We will use the `winglian/pirate-ultrachat-10k` dataset from Hugging Face. This dataset contains conversations re-written in a pirate style.

In [None]:
# Load dataset from Hugging Face
dataset_id = "winglian/pirate-ultrachat-10k"
dataset = load_dataset(dataset_id, split="train[:2000]") # Use a subset for speed

print(f"Loaded {len(dataset)} samples.")
print("Sample entry:", dataset[0])

## 2. Model Setup (Gemma 3)

We use `google/gemma-3-1b-it`, the smallest and most efficient version of Google's latest open model series. While a 270M parameter version doesn't exist, this 1B model is highly optimized and perfect for fine-tuning.

In [None]:
model_id = "google/gemma-3-1b-it"
tokenizer = AutoTokenizer.from_pretrained(model_id)
tokenizer.pad_token = tokenizer.eos_token

model = AutoModelForCausalLM.from_pretrained(model_id, device_map="auto", torch_dtype=torch.bfloat16)

## 3. LoRA Configuration

We use Low-Rank Adaptation (LoRA) to fine-tune efficiently. We rely on the `peft` library's defaults to target the standard attention projection layers.

In [None]:
def apply_lora(model):
    lora_config = LoraConfig(
        r=8,
        lora_alpha=16,
        task_type="CAUSAL_LM",
        lora_dropout=0.05
    )
    return get_peft_model(model, lora_config)

model = apply_lora(model)
model.print_trainable_parameters()

## 4. Training Loop with Vertex AI Logging

We replace Comet with Vertex AI Experiments for tracking metrics.

In [None]:
def train(model, dataset, tokenizer, max_steps=100):
    # Initialize Vertex AI Experiment
    vertexai.init(experiment="pirate-finetune-lab")
    vertexai.start_run("run-1")
    
    optimizer = Lion(model.parameters(), lr=1e-4)
    model.train()
    
    # Simple data collator/formatter
    def collate_fn(batch):
        prompts = []
        for item in batch:
             # Assuming dataset has 'messages' list with 'content'
             # We adapt to a simple format for this lab
             # Note: Adjust key names based on actual dataset inspection
             chat = item['messages'] # Adapt this if dataset structure differs
             # Construct simple prompt: User -> Assistant
             text = tokenizer.apply_chat_template(chat, tokenize=False, add_generation_prompt=False)
             prompts.append(text)
        
        return tokenizer(prompts, return_tensors="pt", padding=True, truncation=True, max_length=512).to(model.device)

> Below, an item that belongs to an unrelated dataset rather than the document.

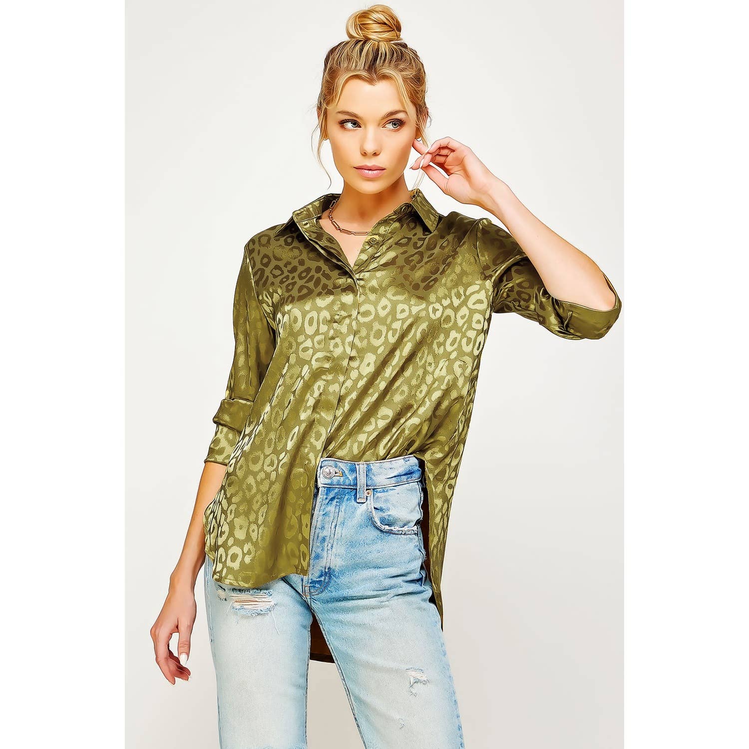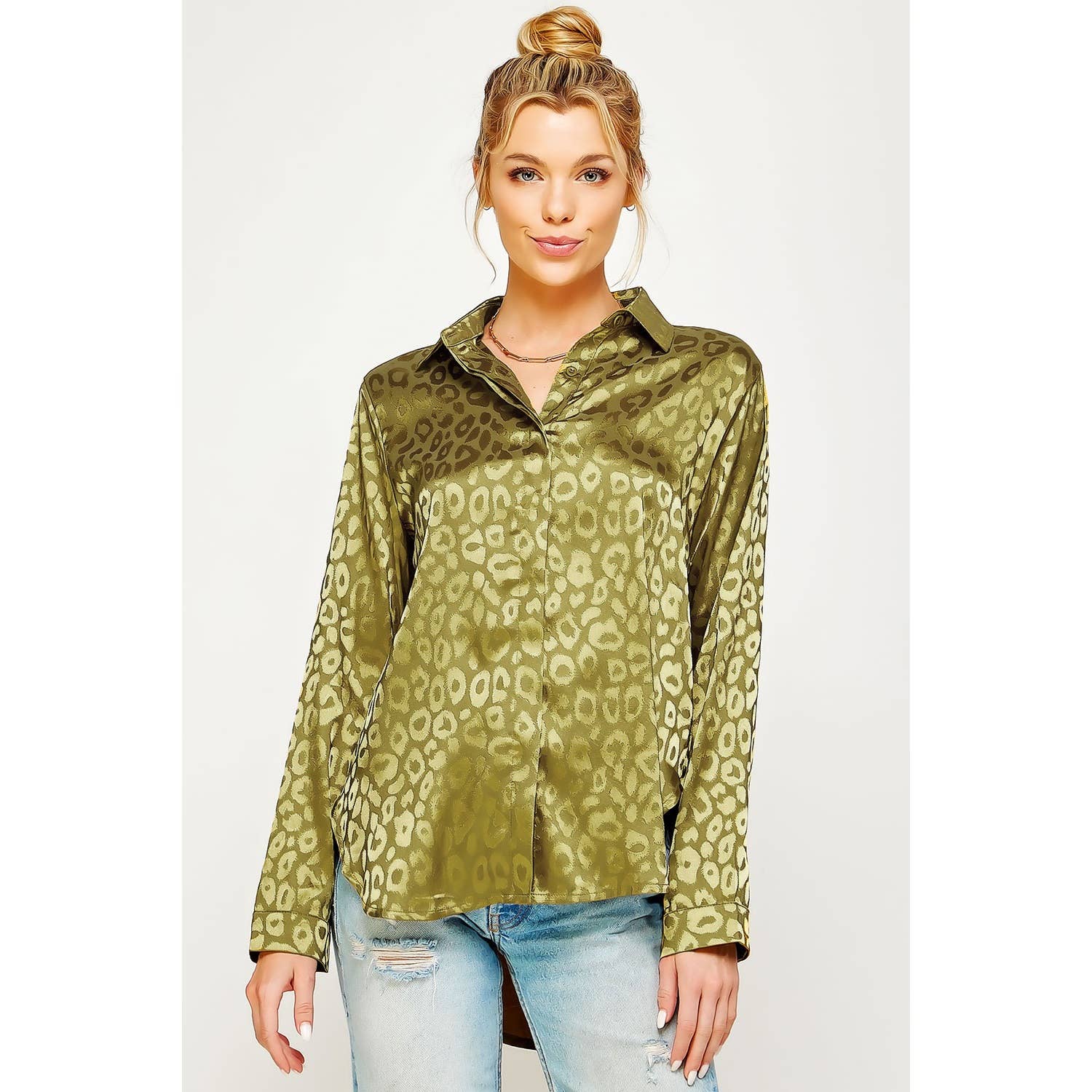 SATIN LEOPARD PRINT BUTTON DOWN TOP

    dataloader = DataLoader(dataset, batch_size=4, shuffle=True, collate_fn=collate_fn)
    
    step = 0
    losses = []
    
    for batch in tqdm(dataloader):
        if step >= max_steps: break
        
        outputs = model(**batch, labels=batch['input_ids'])
        loss = outputs.loss
        
        loss.backward()
        optimizer.step()
        optimizer.zero_grad()
        
        losses.append(loss.item())
        
        if step % 10 == 0:
            avg_loss = np.mean(losses[-10:])
            print(f"Step {step}: Loss {avg_loss:.4f}")
            # Log to Vertex AI
            vertexai.log_metrics({"loss": avg_loss}, step=step)
            
        step += 1
        
    vertexai.end_run()
    return model

# Start training
# model = train(model, dataset, tokenizer)

## 5. Evaluation with Gemini (LLM-as-a-Judge)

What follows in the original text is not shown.